_RAW DATA_
==========
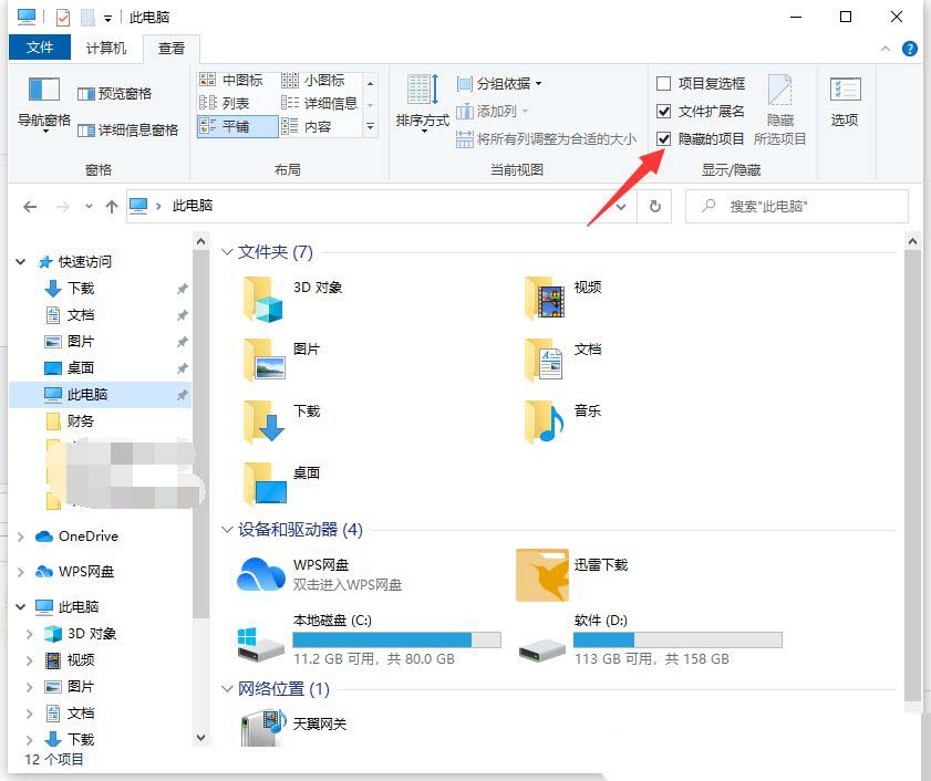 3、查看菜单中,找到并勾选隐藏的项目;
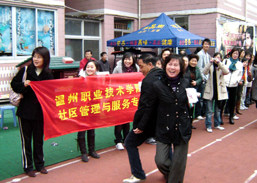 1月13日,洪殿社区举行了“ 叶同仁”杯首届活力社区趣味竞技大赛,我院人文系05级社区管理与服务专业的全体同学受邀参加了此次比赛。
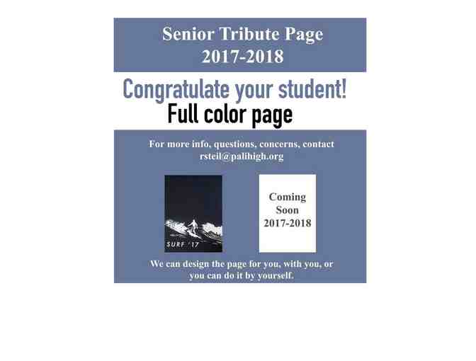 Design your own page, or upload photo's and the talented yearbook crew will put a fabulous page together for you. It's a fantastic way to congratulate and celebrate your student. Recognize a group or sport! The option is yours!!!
==========
_WORK ORDER_
Reproduce every line of the material precisely, omitting its pictures.

_RESPONSE AREA_
 3、查看菜单中,找到并勾选隐藏的项目;
 1月13日,洪殿社区举行了“ 叶同仁”杯首届活力社区趣味竞技大赛,我院人文系05级社区管理与服务专业的全体同学受邀参加了此次比赛。
 Design your own page, or upload photo's and the talented yearbook crew will put a fabulous page together for you. It's a fantastic way to congratulate and celebrate your student. Recognize a group or sport! The option is yours!!!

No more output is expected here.